# [AIM OF THE EXERCISE]
May I please have every record restated word for word, with the images left out?

# [EXTRACTED INFORMATION]
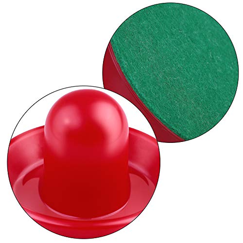 Package includes: each pack comes with 4 air hockey pushers in 2 colors, including red, black, 8 green pads and 8 red hockey pucks, and we provide 1 drawstring bag for hockey pushers and pucks storage
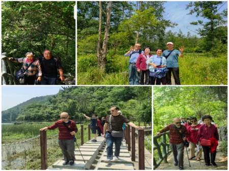 湄江的自然景观类型为岩溶地貌,有着千姿百态的地表和地下景观,具备了建立国家地质公园的基本条件。在湄江风景区,老同志们漫步在塞海湖旁的亲水栈道,欣赏着绝壁美景;在国家地质博物馆,听讲解员介绍当地的地质地貌,风土人情;女老师们沉浸在花海里拍照留念;在仙人府溶洞里,大家头顶钟乳石,沿着溪水慢步,纷纷在瀑布前打卡合影,观看着大自然在高山上雕刻出来的“MJ”这个湄江的缩写;有的老师甚至爬上了更高处,领略湄江的美好风光。参观完毕,老师们品尝着当地的风味美食,流连忘返。
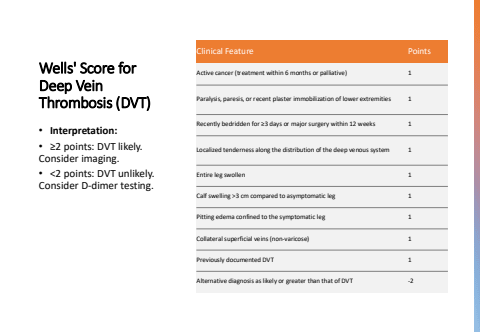 Wells' Score for Deep Vein Thrombosis (DVT)%u2022 Interpretation:%u2022 %u22652 points: DVT likely. Consider imaging.%u2022 <2 points: DVT unlikely. Consider D-dimer testing.Clinical Feature PointsActive cancer (treatment within 6 months or palliative) 1Paralysis, paresis, or recent plaster immobilization of lower extremities 1Recently bedridden for %u22653 days or major surgery within 12 weeks 1Localized tenderness along the distribution of the deep venous system 1Entire leg swollen 1Calf swelling >3 cm compared to asymptomatic leg 1Pitting edema confined to the symptomatic leg 1Collateral superficial veins (non-varicose) 1Previously documented DVT 1Alternative diagnosis as likely or greater than that of DVT -2
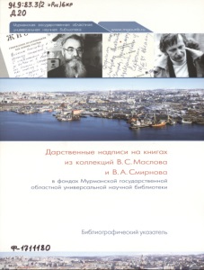 Дарственные надписи на книгах из коллекций В. С. Маслова и В. А. Смирнова в фондах Мурманской государственной областной универсальной научной библиотеки : библиографический указатель / Мурм. гос. обл. универс. науч. б-ка ; [сост. Т. П. Леонтьева ; редкол.: Е. В. Синева и др. ; предисл. В. Сорокажердьева]. – Мурманск : РУСМА (ИП Глухов А. Б.), 2011. – 110, [1] с., [8] с. ил. : ил., портр., факс. – (Серия "Книжные коллекции").
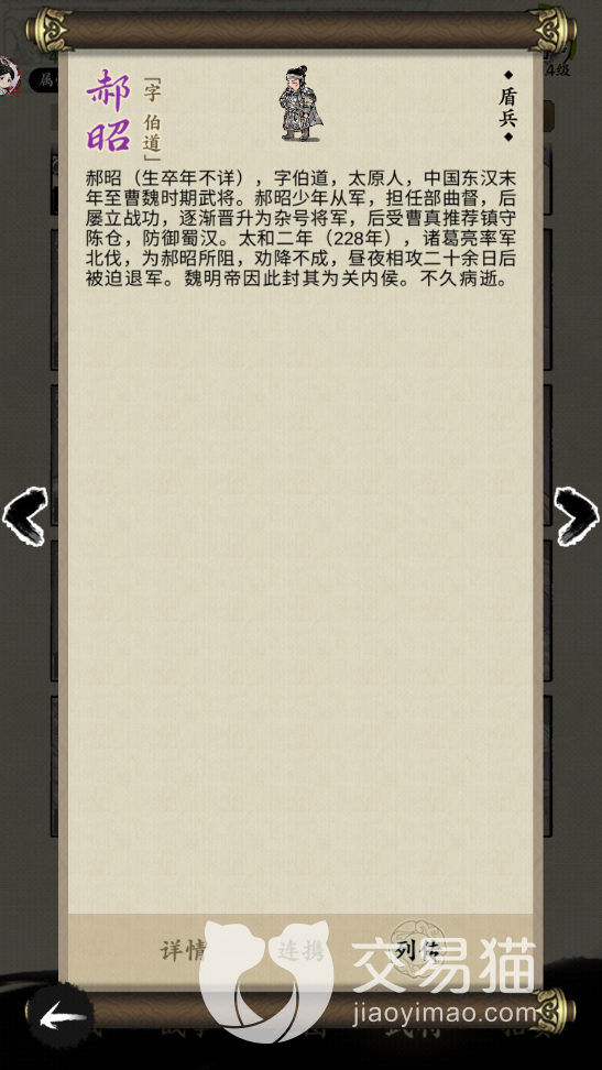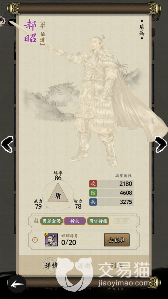 大家想要盾兵介绍的就来看看本期的名将之弈郝昭怎么样的内容,其实在游戏中大家是可以在上面找到很多盾兵的,但是除了绝品的盾兵,只有稀世的盾兵品质比较高,但是绝品的武将不好获取,因此小编给大家介绍一下郝昭这个角色吧,要是大家没有更强度盾兵可以用,就用他吧。

# [TASK OUTPUT]
 Package includes: each pack comes with 4 air hockey pushers in 2 colors, including red, black, 8 green pads and 8 red hockey pucks, and we provide 1 drawstring bag for hockey pushers and pucks storage
 湄江的自然景观类型为岩溶地貌,有着千姿百态的地表和地下景观,具备了建立国家地质公园的基本条件。在湄江风景区,老同志们漫步在塞海湖旁的亲水栈道,欣赏着绝壁美景;在国家地质博物馆,听讲解员介绍当地的地质地貌,风土人情;女老师们沉浸在花海里拍照留念;在仙人府溶洞里,大家头顶钟乳石,沿着溪水慢步,纷纷在瀑布前打卡合影,观看着大自然在高山上雕刻出来的“MJ”这个湄江的缩写;有的老师甚至爬上了更高处,领略湄江的美好风光。参观完毕,老师们品尝着当地的风味美食,流连忘返。
 Wells' Score for Deep Vein Thrombosis (DVT)%u2022 Interpretation:%u2022 %u22652 points: DVT likely. Consider imaging.%u2022 <2 points: DVT unlikely. Consider D-dimer testing.Clinical Feature PointsActive cancer (treatment within 6 months or palliative) 1Paralysis, paresis, or recent plaster immobilization of lower extremities 1Recently bedridden for %u22653 days or major surgery within 12 weeks 1Localized tenderness along the distribution of the deep venous system 1Entire leg swollen 1Calf swelling >3 cm compared to asymptomatic leg 1Pitting edema confined to the symptomatic leg 1Collateral superficial veins (non-varicose) 1Previously documented DVT 1Alternative diagnosis as likely or greater than that of DVT -2
 Дарственные надписи на книгах из коллекций В. С. Маслова и В. А. Смирнова в фондах Мурманской государственной областной универсальной научной библиотеки : библиографический указатель / Мурм. гос. обл. универс. науч. б-ка ; [сост. Т. П. Леонтьева ; редкол.: Е. В. Синева и др. ; предисл. В. Сорокажердьева]. – Мурманск : РУСМА (ИП Глухов А. Б.), 2011. – 110, [1] с., [8] с. ил. : ил., портр., факс. – (Серия "Книжные коллекции").
 大家想要盾兵介绍的就来看看本期的名将之弈郝昭怎么样的内容,其实在游戏中大家是可以在上面找到很多盾兵的,但是除了绝品的盾兵,只有稀世的盾兵品质比较高,但是绝品的武将不好获取,因此小编给大家介绍一下郝昭这个角色吧,要是大家没有更强度盾兵可以用,就用他吧。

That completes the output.